## Input data
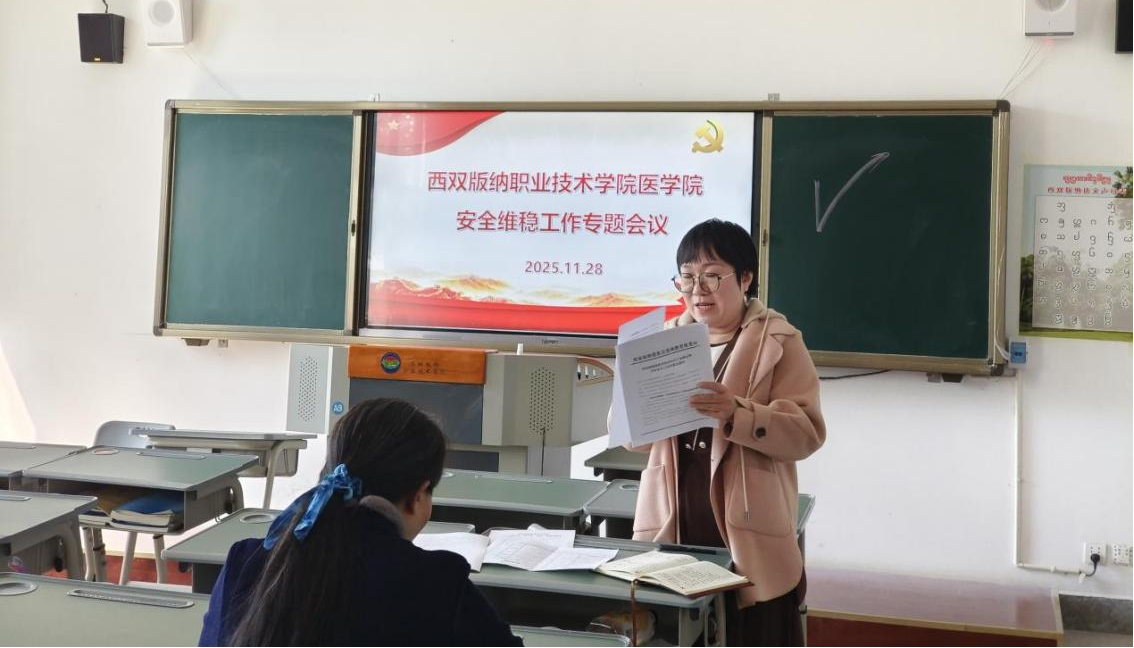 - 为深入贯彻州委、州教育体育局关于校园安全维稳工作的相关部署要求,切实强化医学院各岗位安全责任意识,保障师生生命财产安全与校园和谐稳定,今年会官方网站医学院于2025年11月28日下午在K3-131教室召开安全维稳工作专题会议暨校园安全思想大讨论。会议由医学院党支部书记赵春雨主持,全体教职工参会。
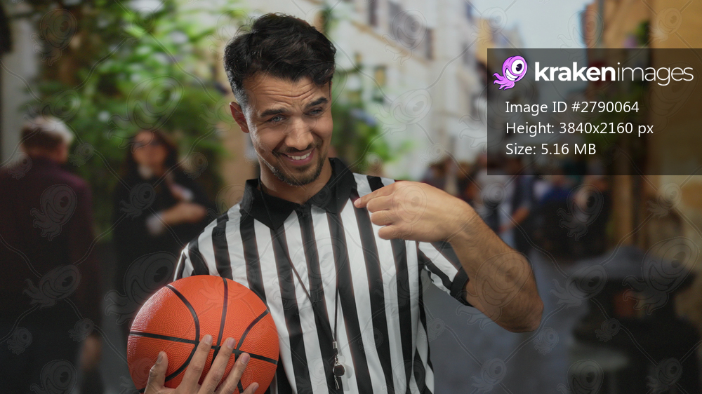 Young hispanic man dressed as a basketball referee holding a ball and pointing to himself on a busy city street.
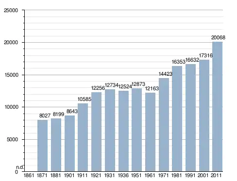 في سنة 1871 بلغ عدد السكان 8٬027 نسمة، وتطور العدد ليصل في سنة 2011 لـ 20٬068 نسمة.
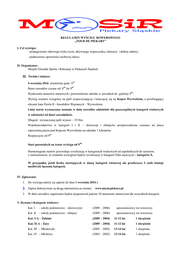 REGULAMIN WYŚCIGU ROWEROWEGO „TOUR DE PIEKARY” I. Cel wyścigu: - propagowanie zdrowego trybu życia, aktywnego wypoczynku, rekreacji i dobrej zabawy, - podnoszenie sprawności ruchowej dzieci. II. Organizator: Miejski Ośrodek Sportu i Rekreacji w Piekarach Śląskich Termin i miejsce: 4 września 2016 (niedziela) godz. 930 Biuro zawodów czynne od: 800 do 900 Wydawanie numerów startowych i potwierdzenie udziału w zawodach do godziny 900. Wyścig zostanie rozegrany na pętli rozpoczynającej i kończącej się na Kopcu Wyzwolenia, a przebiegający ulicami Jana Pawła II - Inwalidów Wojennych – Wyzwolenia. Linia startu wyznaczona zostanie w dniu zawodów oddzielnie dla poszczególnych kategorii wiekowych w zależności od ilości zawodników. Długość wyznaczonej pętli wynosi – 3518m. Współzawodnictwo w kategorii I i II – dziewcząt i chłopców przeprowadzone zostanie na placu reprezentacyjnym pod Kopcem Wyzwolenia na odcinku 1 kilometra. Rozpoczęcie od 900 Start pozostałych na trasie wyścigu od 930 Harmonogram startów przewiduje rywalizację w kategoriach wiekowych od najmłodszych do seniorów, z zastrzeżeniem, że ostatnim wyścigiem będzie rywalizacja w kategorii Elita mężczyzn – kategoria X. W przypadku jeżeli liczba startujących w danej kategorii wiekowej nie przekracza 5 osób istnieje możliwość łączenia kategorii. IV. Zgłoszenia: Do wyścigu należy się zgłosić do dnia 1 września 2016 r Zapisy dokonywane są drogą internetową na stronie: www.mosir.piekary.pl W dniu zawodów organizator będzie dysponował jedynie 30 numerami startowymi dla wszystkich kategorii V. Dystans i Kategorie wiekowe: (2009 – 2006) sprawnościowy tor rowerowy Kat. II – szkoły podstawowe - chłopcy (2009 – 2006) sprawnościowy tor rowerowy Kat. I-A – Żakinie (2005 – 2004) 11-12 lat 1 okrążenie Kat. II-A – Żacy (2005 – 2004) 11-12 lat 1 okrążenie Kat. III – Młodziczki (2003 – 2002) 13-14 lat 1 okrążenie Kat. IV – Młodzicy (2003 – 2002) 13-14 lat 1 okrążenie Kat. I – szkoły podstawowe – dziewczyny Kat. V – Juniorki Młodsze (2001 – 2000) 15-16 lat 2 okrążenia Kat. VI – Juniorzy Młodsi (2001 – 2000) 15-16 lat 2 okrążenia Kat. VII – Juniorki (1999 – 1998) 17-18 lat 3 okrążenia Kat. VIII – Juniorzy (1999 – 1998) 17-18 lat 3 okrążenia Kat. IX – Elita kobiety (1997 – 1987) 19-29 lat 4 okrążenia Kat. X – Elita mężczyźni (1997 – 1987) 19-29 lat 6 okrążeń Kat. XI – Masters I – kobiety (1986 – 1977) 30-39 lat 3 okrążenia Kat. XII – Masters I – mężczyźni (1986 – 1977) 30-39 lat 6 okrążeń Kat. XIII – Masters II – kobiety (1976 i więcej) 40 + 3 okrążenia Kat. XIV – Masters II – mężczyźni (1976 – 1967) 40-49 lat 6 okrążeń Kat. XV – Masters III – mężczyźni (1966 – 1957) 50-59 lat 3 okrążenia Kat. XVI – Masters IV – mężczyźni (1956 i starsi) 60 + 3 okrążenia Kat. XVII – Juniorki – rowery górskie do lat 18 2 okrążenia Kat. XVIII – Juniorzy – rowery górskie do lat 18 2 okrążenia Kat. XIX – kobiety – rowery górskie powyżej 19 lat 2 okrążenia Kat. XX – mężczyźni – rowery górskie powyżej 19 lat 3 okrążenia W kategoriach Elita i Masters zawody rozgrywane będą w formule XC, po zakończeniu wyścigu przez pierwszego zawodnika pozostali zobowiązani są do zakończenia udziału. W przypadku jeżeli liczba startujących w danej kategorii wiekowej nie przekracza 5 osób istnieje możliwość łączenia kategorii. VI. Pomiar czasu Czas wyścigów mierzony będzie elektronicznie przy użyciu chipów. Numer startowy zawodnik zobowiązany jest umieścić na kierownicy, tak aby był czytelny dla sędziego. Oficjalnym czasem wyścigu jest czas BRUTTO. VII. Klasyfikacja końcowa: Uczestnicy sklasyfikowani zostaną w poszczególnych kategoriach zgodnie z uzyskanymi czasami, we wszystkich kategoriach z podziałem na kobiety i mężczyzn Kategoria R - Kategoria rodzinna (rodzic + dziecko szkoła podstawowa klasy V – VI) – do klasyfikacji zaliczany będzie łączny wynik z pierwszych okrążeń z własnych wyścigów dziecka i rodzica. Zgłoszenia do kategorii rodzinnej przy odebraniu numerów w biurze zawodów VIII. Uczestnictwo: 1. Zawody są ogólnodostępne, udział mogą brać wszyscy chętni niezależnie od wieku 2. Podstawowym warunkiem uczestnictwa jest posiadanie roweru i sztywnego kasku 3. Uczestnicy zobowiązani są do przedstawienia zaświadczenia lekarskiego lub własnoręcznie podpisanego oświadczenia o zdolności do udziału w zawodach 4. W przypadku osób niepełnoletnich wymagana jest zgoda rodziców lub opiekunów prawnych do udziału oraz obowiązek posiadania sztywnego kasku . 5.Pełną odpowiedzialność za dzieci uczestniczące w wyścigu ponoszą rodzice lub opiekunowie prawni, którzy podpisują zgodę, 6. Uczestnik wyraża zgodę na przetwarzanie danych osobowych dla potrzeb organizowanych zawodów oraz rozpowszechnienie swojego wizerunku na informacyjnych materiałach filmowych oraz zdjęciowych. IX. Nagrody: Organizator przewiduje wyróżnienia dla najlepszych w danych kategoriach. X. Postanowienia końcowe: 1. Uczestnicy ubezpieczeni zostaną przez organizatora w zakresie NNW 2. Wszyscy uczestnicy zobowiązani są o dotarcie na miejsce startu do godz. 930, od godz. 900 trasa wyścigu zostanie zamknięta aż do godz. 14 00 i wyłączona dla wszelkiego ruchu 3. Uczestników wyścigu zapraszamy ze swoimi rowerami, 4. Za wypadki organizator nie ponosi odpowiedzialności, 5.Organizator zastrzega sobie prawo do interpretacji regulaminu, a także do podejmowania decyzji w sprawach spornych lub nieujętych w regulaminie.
---
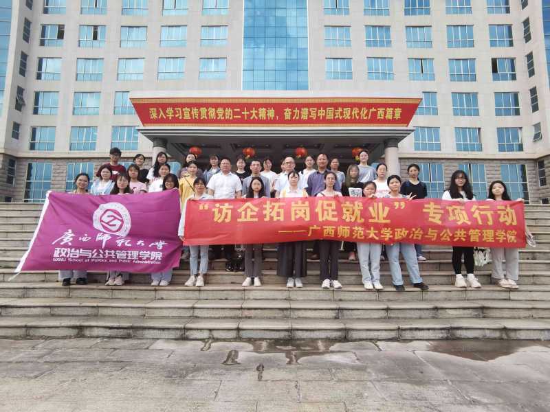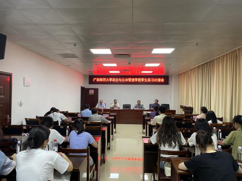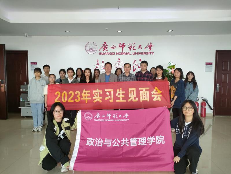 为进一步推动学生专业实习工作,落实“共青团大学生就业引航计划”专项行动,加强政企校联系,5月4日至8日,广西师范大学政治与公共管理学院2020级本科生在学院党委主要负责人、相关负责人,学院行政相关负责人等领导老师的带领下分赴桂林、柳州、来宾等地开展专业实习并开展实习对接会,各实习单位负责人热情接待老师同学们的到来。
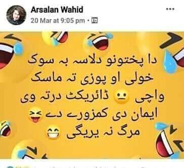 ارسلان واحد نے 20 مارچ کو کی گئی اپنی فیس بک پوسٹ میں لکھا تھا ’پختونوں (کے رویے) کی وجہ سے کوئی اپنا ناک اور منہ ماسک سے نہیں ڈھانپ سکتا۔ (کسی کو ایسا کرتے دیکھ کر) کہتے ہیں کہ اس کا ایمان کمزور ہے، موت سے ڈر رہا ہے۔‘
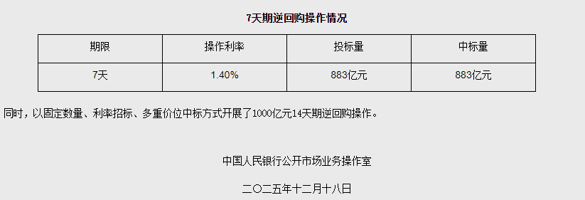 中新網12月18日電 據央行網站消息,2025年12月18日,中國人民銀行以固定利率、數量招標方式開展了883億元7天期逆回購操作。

## Your task
Using the listing above, reproduce word for word every line from the one containing "ارسلان واحد نے" through the one containing "中新網12月18日電 據央行". Pictures must be left out.

## Solution
 ارسلان واحد نے 20 مارچ کو کی گئی اپنی فیس بک پوسٹ میں لکھا تھا ’پختونوں (کے رویے) کی وجہ سے کوئی اپنا ناک اور منہ ماسک سے نہیں ڈھانپ سکتا۔ (کسی کو ایسا کرتے دیکھ کر) کہتے ہیں کہ اس کا ایمان کمزور ہے، موت سے ڈر رہا ہے۔‘
 中新網12月18日電 據央行網站消息,2025年12月18日,中國人民銀行以固定利率、數量招標方式開展了883億元7天期逆回購操作。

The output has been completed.